Tip of the week for September 23, 2005 includes a Gzip compression module for Lasso 8.1. The module allows Lasso to automatically compress all pages using Gzip for compatible browsers. The full source code for the modules is included and is a good example of how to create at-begin and at-end processes.
Note - This tip of the week requires the recently released Lasso Professional 8.1. The included code will run on earlier versions of Lasso 8, but with significantly reduced performance.
Introduction
Gzip compression allows the HTML of a Web page to be compressed before it is delivered to the browser. The browser automatically decompresses the page before it is shown to the user so it is completely transparent. Using Gzip compression can improve speeds for dialup users and can reduce the overall bandwidth required by a Web site.
All modern browsers and even many Web crawlers support Gzip compression. HTML files can see compression of up to 75% (so only 25% of the bandwidth/time is used to download the page). Compression and decompression use very little processor power so the time used for compression is often covered by transmission time savings.
Automatic compression will only occur if the client's browser specifies an Accept-Encoding header that includes Gzip. Compression will only occur on files with a Content-Type of text/* (e.g. text/html, text/xml). Compression will not occur on any image or other media types. Compression will not occur for Netscape 4.x browsers since some of them had a bug where they would claim they understood Gzip even when they didn't. Compression will also occur for pages fetched by Web crawlers if they specify the Accept-Encoding header.

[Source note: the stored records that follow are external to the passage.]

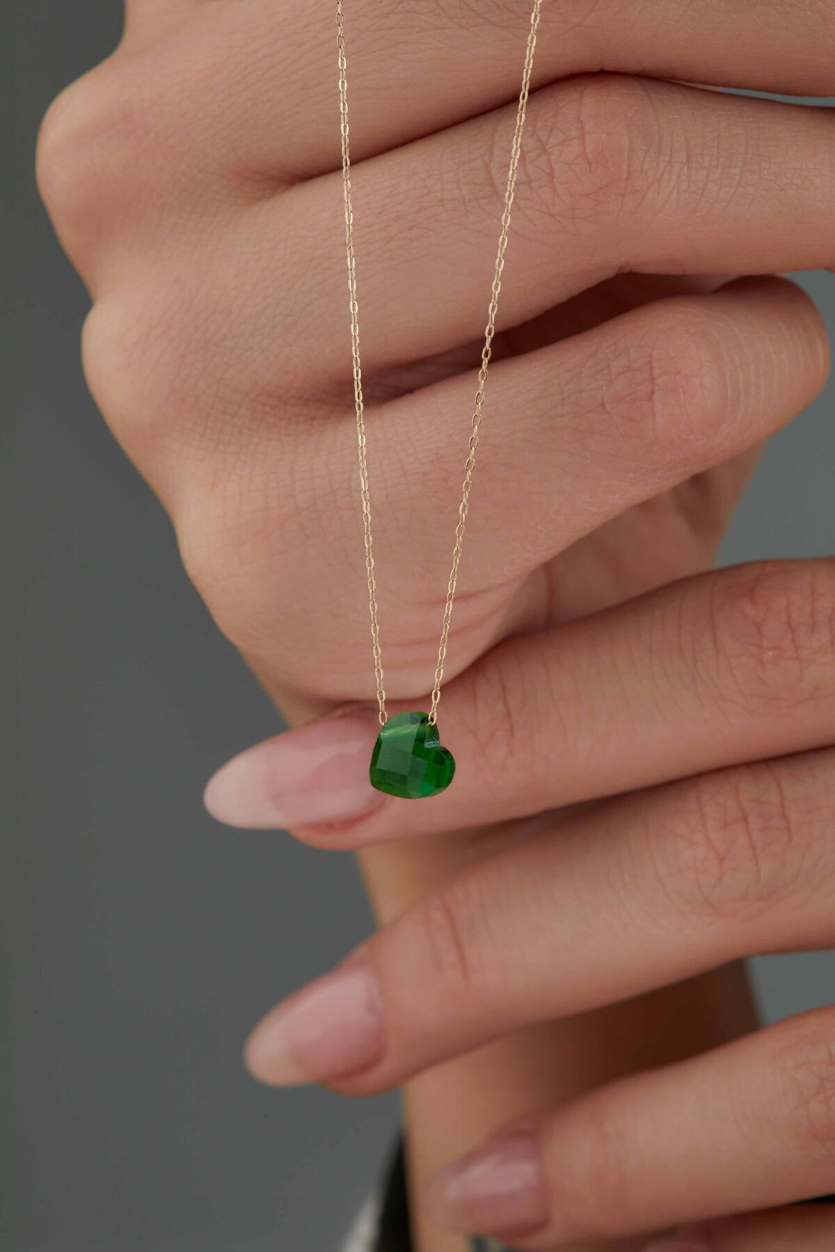 Kolyecik 14 Ayar Altın Yeşil Kalp Kolye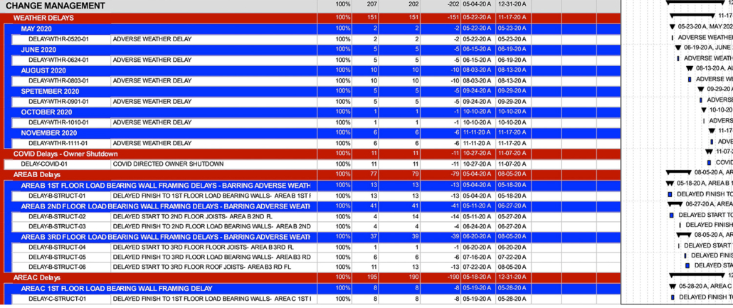 That’s why our standard schedule management process comprises a robust change management WBS section that chronicles a host of delays routinely spanning permitting, scope changes, design issues, subcontractor production delays and weather, among others. In each schedule update, we work diligently with the project management team to integrate project delays both as sequenced fragnets to their corresponding tasks and with written notations to tasks and milestones that over time build a narrative of controlling delays in the digital schedule file. We regularly ask the project management team to cite dates and sources of incorporated delays with references to RFIs, OAC meetings, collateral documentation and other controlling digital correspondence, mindful to ensure the delay narrative’s integrity in the likely event of third-parties’ future review of schedule files.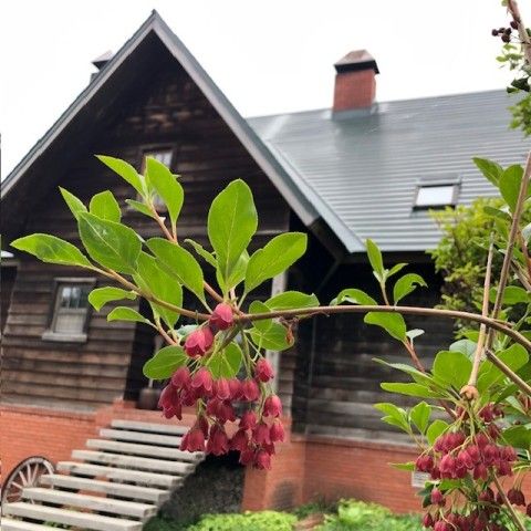 愛らしい紅花のドウダンツツジも咲いている、美流渡のお庭です。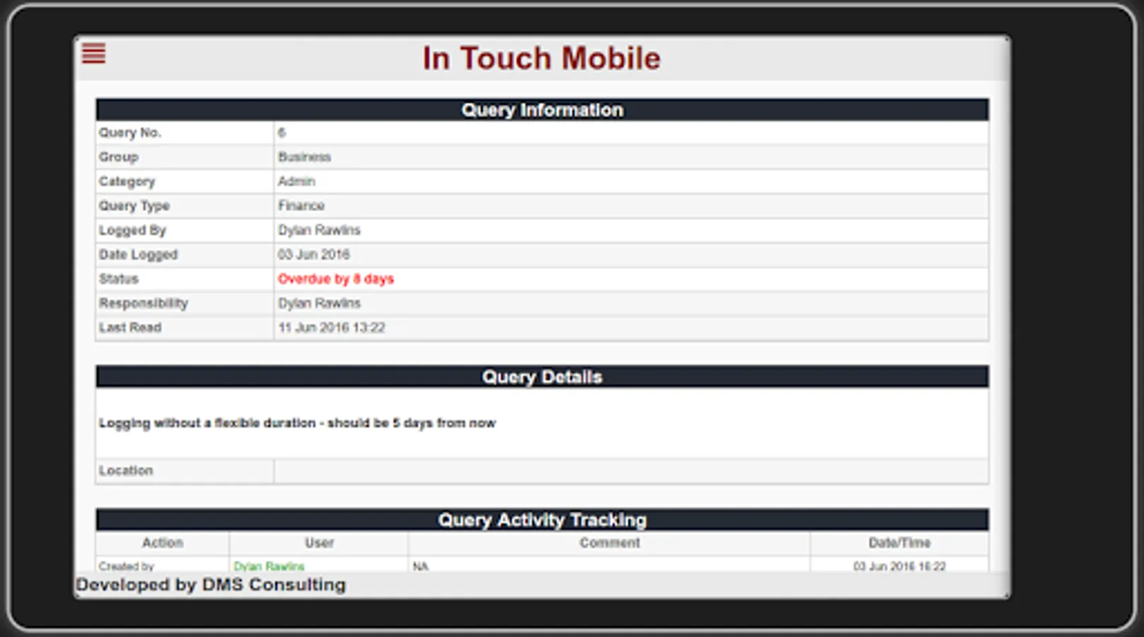 Managers can use InTouch to monitor high-level, as well as detailed, trends in Tasks as well as staff performance with regard to Task handling and resolution. InTouch uses automated push technology which emails information to users and managers, notifying them of any overdue Tasks within InTouch that require their attention.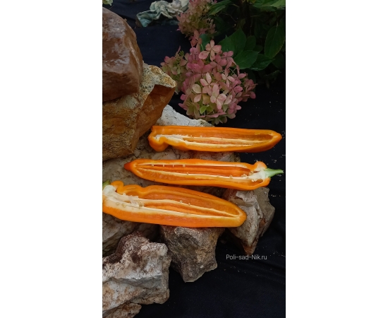 Среднего срока созревания. Куст высотой до 70см, среднеоблиственный, тонкого строения. Плоды цилиндрические, длинные до 30 см. с толстой сочной стенкой 4-5 мм и малым количеством семян. Мякоть сладкая, очень ароматная и вкусная. Хорош в свежем виде и отлично подойдёт для гриля.Урожайность отличная!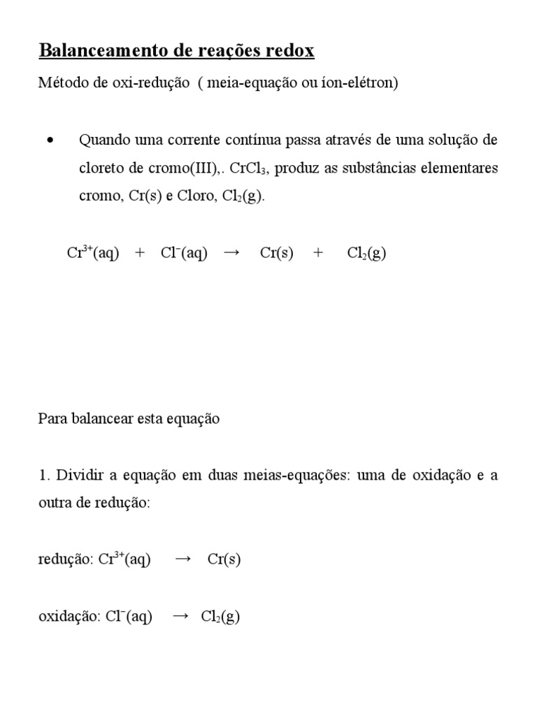 Método de oxi-redução ( meia-equação ou íon-elétron)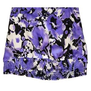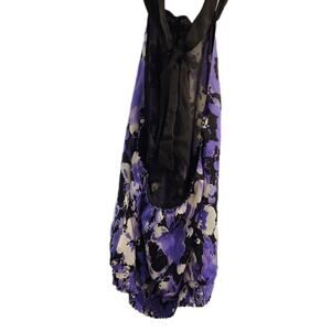 Stunning 100% Silk tie v-neck Halter top by bebe with purple floral and black design. Elastic-type rouching at waist. Backless, sleeveless and lined. In very good pre-owned condition. Measurements: 15" pit to pit, 31" waist, 24" length from top of Shoulder to hem.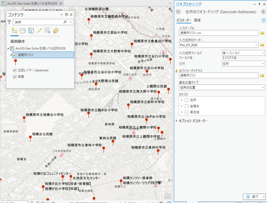 | ・2022/8/5 | 住居レベル住所 2022 以前に収録されているロケーターは、ArcGIS Pro 3.0 以降で利用することはできません。 |
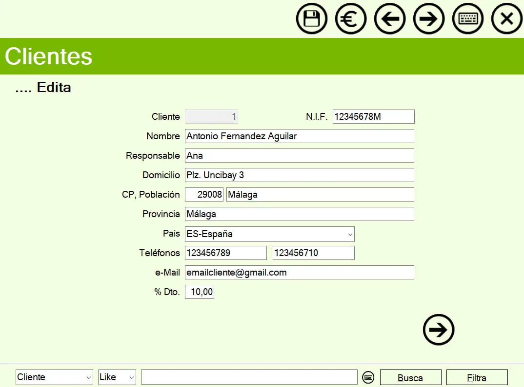 Ficha de clientes donde se puede indicar varios datos, por ejemplo la fecha de nacimiento o notas donde podemos escribir algún comentario sobre el clientes. Créditos a clientes, listado de clientes.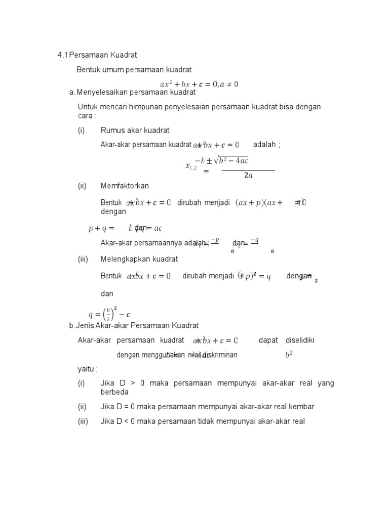 Persamaan Dan Fungsi Kuadrat from www.yumpu.com Karena d > 0 maka persamaan kuadrat memiliki dua akar real yang berbeda. Ada tiga cara utama untuk menyelesaikan persamaan kuadrat: Kedua akar real tandanya positif.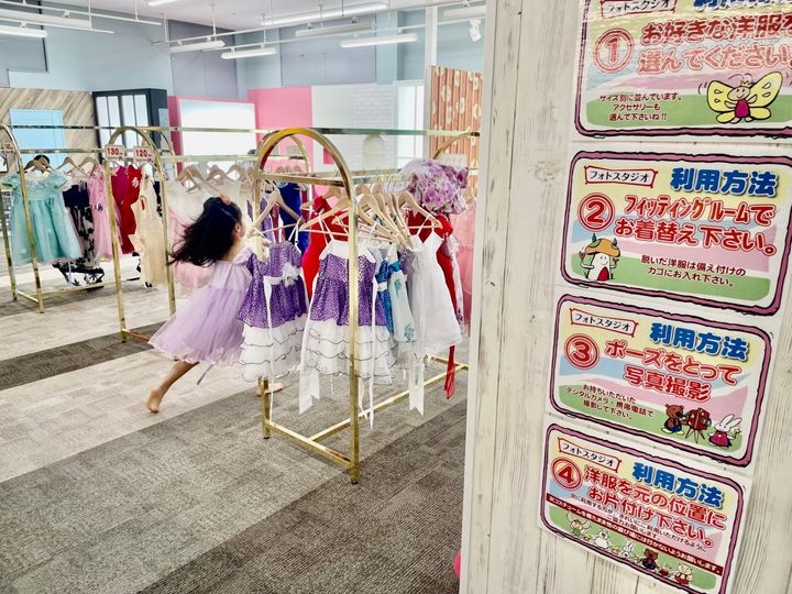 こちらは女の子が夢中になるエリアです。好きな衣装を着て好きなブースで撮影ができます。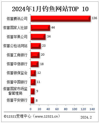 根据12321网络不良与垃圾信息举报受理中心(www.12321.cn)接到网民投诉的短信、邮件、网站等信息,2024年1月,被投诉的钓鱼网站前十名如下: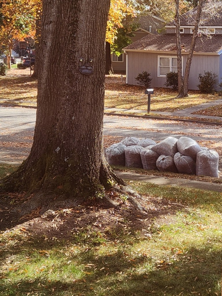 On the following weekend, fall decided to drop most of the leaves on our many, many, many trees. We love having the river birch, pin oak, crepe myrtle and pine trees. They offer shade and coolness in the summer. But we don’t love raking up the leaves. I even wrote a poem about them: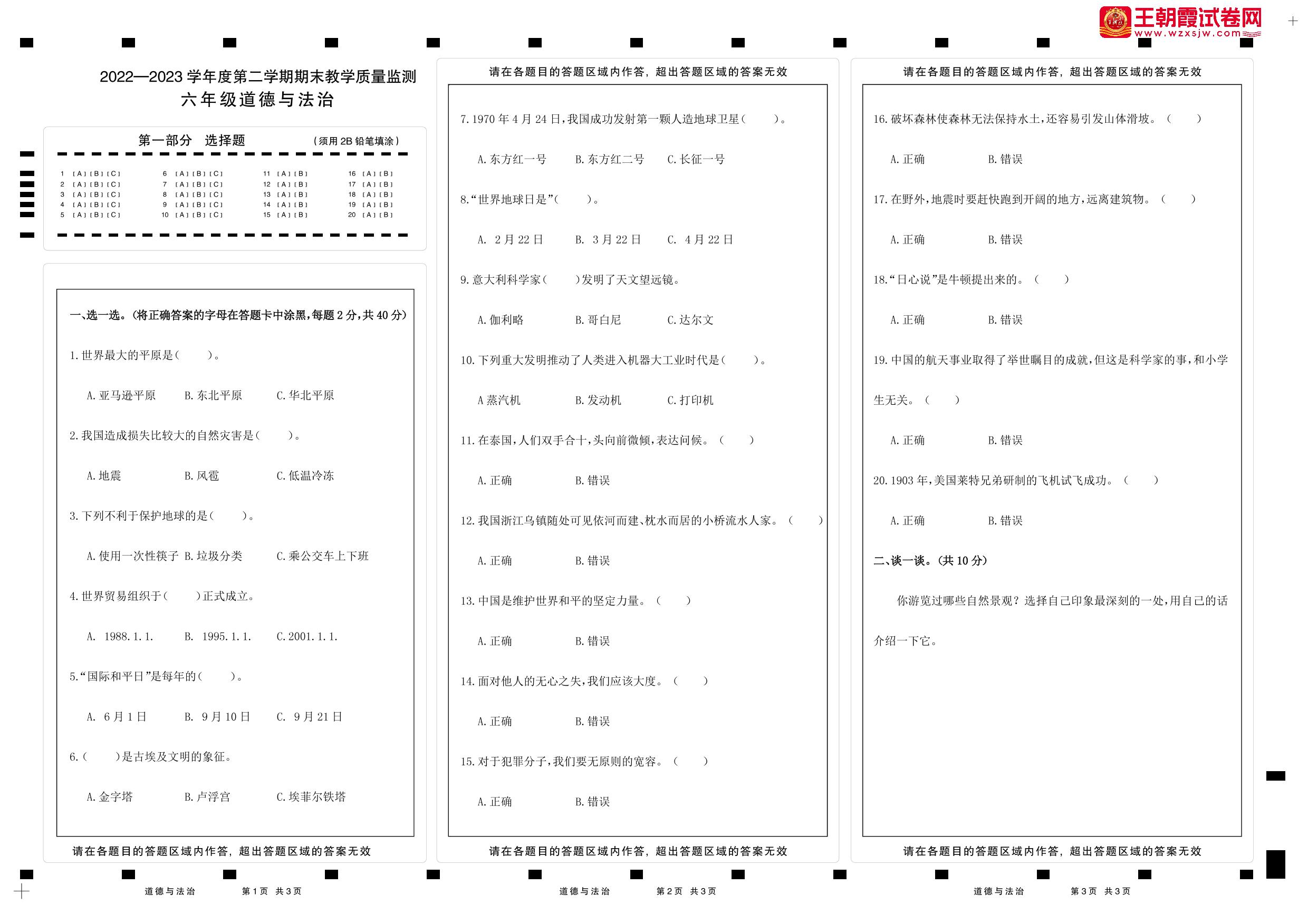 六年级道德与法治北师版下册期末卷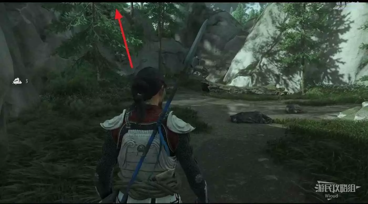 穿過一個牆縫看到一堆狼的屍體,沿著左側的節點爬上去往下走。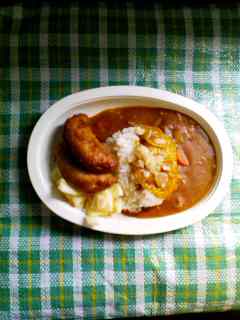 2009年9月22日(火) 本日のメニュー:カレーライス フルーツサラダ 天ぷらの煮物 らっきょう 配食数 :158人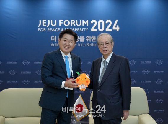 (비씨엔뉴스24) 오영훈 제주특별자치도지사와 후쿠다 야스오(福田康夫) 일본 전 총리는 30일 오후 제19회 평화와 번영을 위한 제주포럼에서 만나 제주와 일본 지방정부와의 교류 활성화 방안에 대해 논의했다.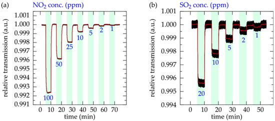 Sensor signal (black) and averaged (n = 10) signal (red) for measuring different concentrations of (a) NO2 (395-nm-LED) and (b) SO2 (280-nm-LED).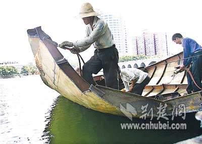 “船太大了,沒辦法運出城,只好進行分解后運走!必撠(zé)現(xiàn)場施工的馬先生解釋,2002年初,他所在的公司承攬東湖清淤工程,共運來8條清淤船,其中一條船放置在水果湖。當時,經(jīng)有關(guān)部門批準,這些船由大型車輛運來并吊入湖中。目前清淤工程結(jié)束,湖中的船不好運走,只好割成一塊塊鋼板,當成廢鋼賣掉。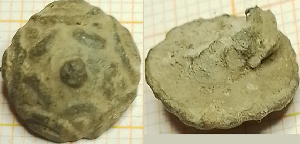 Knoop van tin met geometrisch motief. Oogje ontbreekt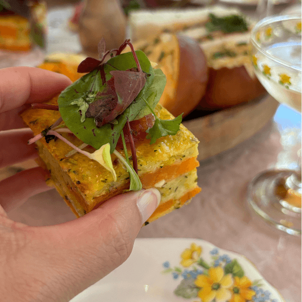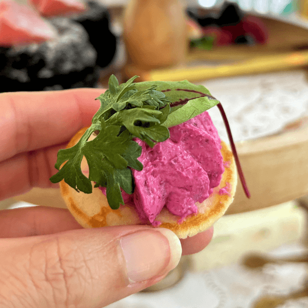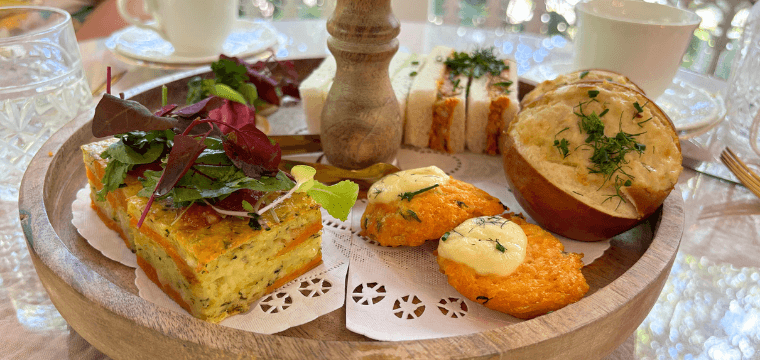 Our Luxe High Tea arrived on a statuesque, three-tiered rustic timber stand, befitting the venue’s country setting. Starting with the savoury items including a beetroot mousse blini, with the beetroot adding a vibrant pop of colour and flavour, while a delicate potato rösti provided a satisfying crunch. The turkey and cheese baguette was beautifully balanced, topped with fresh garden herbs, and the classic finger sandwiches were perfectly executed – light, fresh, and generously filled. The standout was a sweet potato frittata, topped with fresh salad leaves creating a warm, hearty bite that was both comforting and flavourful.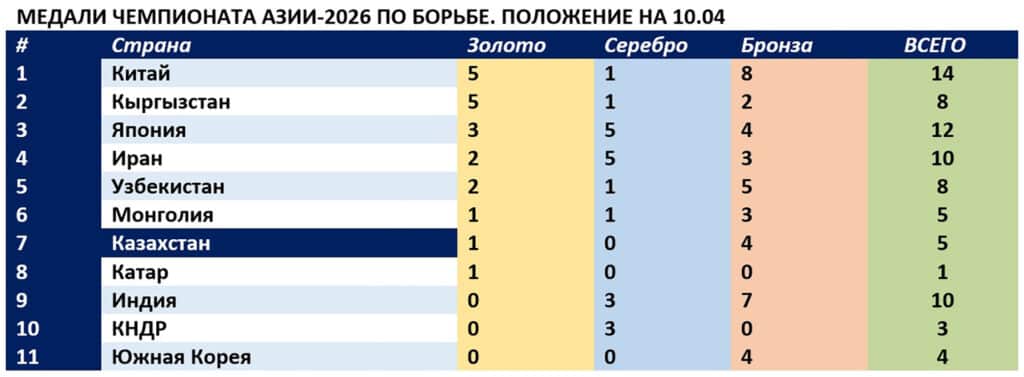 Единственное пока золото Казахстану принес борец греко-римского стиля Алматбек Аманбек, первенствовавший в весовой категории 72 кг. Бронзовые медали, помимо Еркебаевой, завоевали Нурсултан Турсынов (87 кг), Ибрагим Магомадов (82 кг) и Ислам Евлоев (97 кг).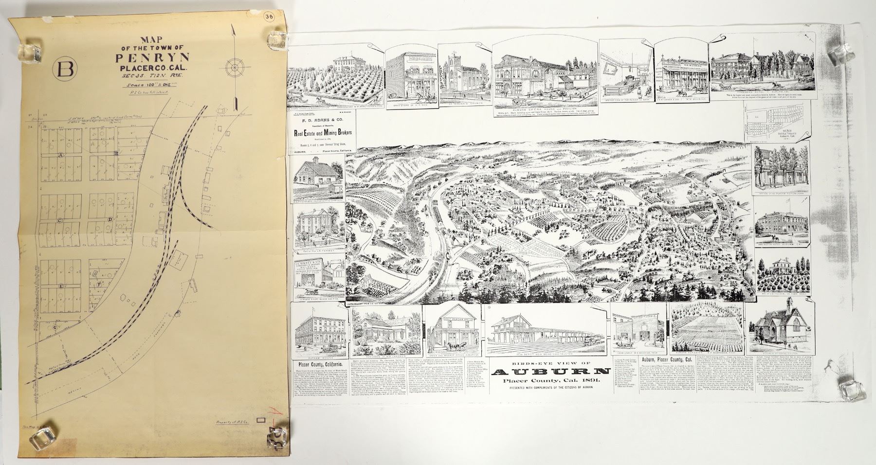Lot of 5. Repros., but still great sources of information. 1) Alta Town Site, 1875. 11 x 17" 2) Penryn, Pacific Improvement Co., January 4th, 1891, 16 x 26" 3) Colfax, Sanborn Map Co., June 1898, 3 sheets. 18 x 26". 4) Auburn, 1887, compliments of WB Lardner, Real Estate Agent. 30 x 22" 5) Auburn, Birds-eye view, 1891, compliments of the citizens of Auburn.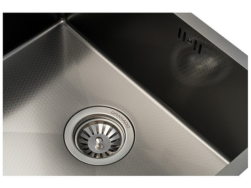 GRANADO Under top max STEEL S201 black honeycomb – стальная кухонная мойка с монтажом под столешницу. Вы будете благодарны себе за то, что выбрали именно её! Благодаря креплению под столешницей эта модель очень легка в уходе: на поверхности нет стыков, где могла бы собираться грязь. Сталь устойчива к воздействию воды и моющих средств, легко выдерживает высокие температуры. С декоративным покрытием, напоминающим пчелиные соты, материал становится еще более выносливым, так как на нем не остаются царапины. Черный цвет, нанесенный методом вакуумного напыления PVD, придает GRANADO Under top max STEEL S201 black honeycomb особую роскошь. В то же время такая обработка дополнительно улучшает характеристики стали. Поверхность этой модели поглощает шум, оставляя вам только преимущества стальной кухонной мойки. Большая чаша GRANADO Under top max STEEL S201 black honeycomb вместит много посуды или продуктов, при этом не занимая значительную площадь вашей рабочей поверхности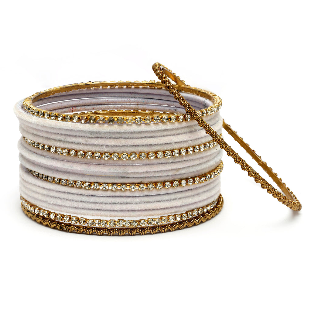 Elegant Design: Elegant bangle set featuring matte finish Lavender velvet, gold-tone metal accents, and stone-studded bangles. This set blends tradition with a modern pastel touch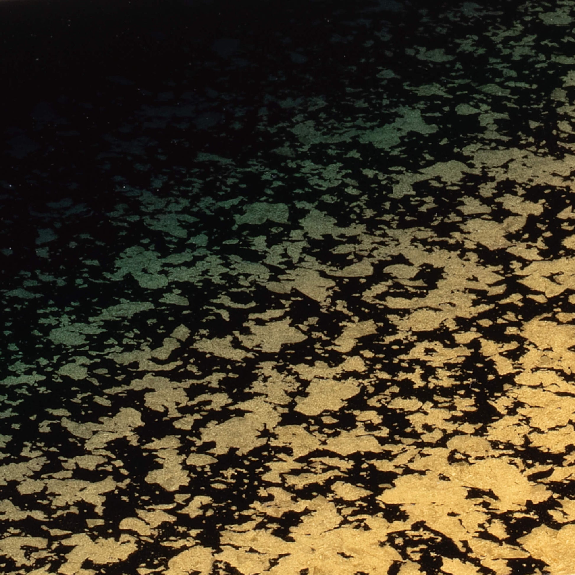 金箔は、太陽のような包容力と温かさを象徴しています。 荒々しいひび割れから始まり、やがて柔らかな輝きへと変化するこの一枚は、 悲しみを越えて再び歩き出す勇気を与えてくれる祈りのステージです。 グラデーションのひび割れは、「再生」そのものです。
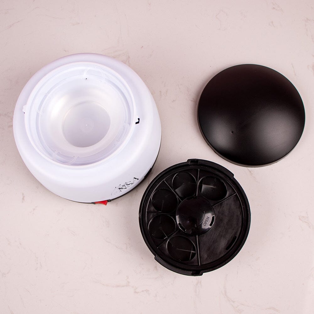 2. Turn the Black Lid anticlockwise and lift it off to reveal the clear plastic bowls inside. (1 is a spare leave it to the side)
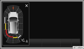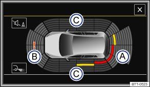The graphic on the screen displays the scanned areas in several segments. The closer the vehicle drives towards an obstacle, the closer the segment will move to the vehicle in the display. The collision area has been reached when the penultimate segment is displayed, if not before. Do not drive on!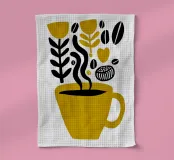 Questa composizione giocosa abbina il caffè alle sue origini botaniche. La ridotta combinazione di colori bicolore, giallo senape caldo e nero intenso, ricorda le illustrazioni scandinave della metà del secolo scorso. Piante di caffè stilizzate, chicchi danzanti e forme di foglie decorative spuntano allegramente dalla tazza dorata: una visualizzazione poetica della filosofia farm-to-cup. L'estetica serigrafica bidimensionale e il linguaggio ingenuo del design conferiscono all'opera un fascino artigianale. Perfetta per la cucina, per le pareti dei bar e per tutti coloro che non vogliono solo bere il caffè, ma vogliono celebrarne l'intera storia.

Important - Gzip compression is not compatible with the -UseLink option of the [Session_Start] tag. The compression actually occurs before the session manager has a chance to decorate the links. Gzip compression should only be used with -UseCookie sessions or on sites that don't rely on Lasso's built-in session implementation.
Download and Installation
Download the archive from the following URL and decompress it into the "Gzip Site Compression.lasso" file.
<http://support.omnipilot.com/article_files/Gzip%20Site%20Compression.zip>
Place the "Gzip Site Compression.lasso" into a site-specific "LassoStartup" folder and restart the site to enable Gzip compression for an entire site. Place the file into the "LassoStartup" folder in the Lasso Professional 8 application folder to enable Gzip compression for all sites hosted by Lasso.
Alternately, the file can be included in individual pages in order to enabled Gzip compression for that page only. Or, the tags can be copied out of the file and called on individual pages for more flexibility.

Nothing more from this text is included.